In this slideshow, take a peek into how a Colorado marijuana testing facility identifies yeast and mold in commercial cannabis products.
Prepare a Biosafety Cabinet
Step 1: Prepare a biosafety cabinet

Rm3 Labs, based in Boulder, Colorado, prepares a NuAire biosafety cabinet for biocontaminant testing. Biosafety cabinets provide a ventilated, clean and enclosed workspace equipped with High Efficiency Particulate Air (HEPA) filters that capture and trap microcontaminants and microparticles. This provides an aseptic or contaminant-free environment for laboratory analysts to split samples.

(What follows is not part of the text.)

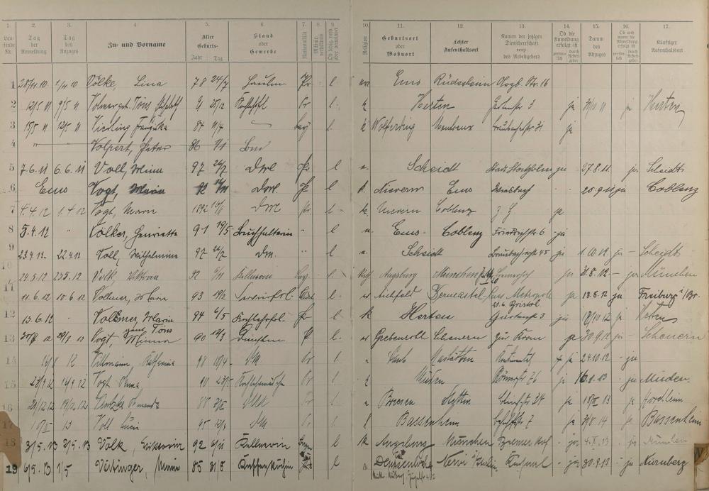 Melderegister der Gewerbegehilfinnen, Gesellinnen und Dienstbotinnen 1911 - Apr. 1915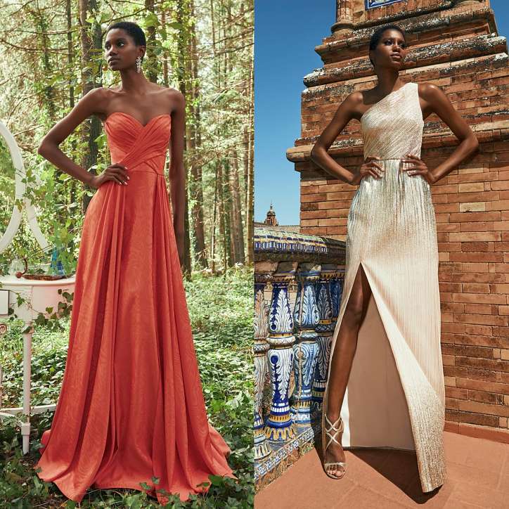 Что же касается фасона, то он может быть слегка вычурным и сложным. Величественный и авторитетный Дракон предпочитает быть ярким и заметным. Стоит учесть и свойства дерева как главной стихии года. Все это вместе даёт нам сразу несколько направлений в поисках моделей: ищите броские платья с «изюминкой» и блестящие струящиеся.

For example, one product sample may be split for two or more tests - say biocontaminants and pesticides. Rm3 uses biosafety cabinets to minimize the risk of exposing samples to contaminants that might be present in the environment or other samples. (Photos by Matthew Staver)
Split and Weigh Samples
Step 2: Split and weigh samples

Laboratory analysts split samples into Whirl-Pak bags. This is a common best practice because these bags are individually sealed and sterile.
Monitor the Environment
Step 3: Monitor the environment

The agar plate in the bottom right corner of the photo contains compounds and nutrients that encourage fungal and bacterial growth. If fungal and bacterial contaminants are present in the cabinet, they’ll grow on the agar plate.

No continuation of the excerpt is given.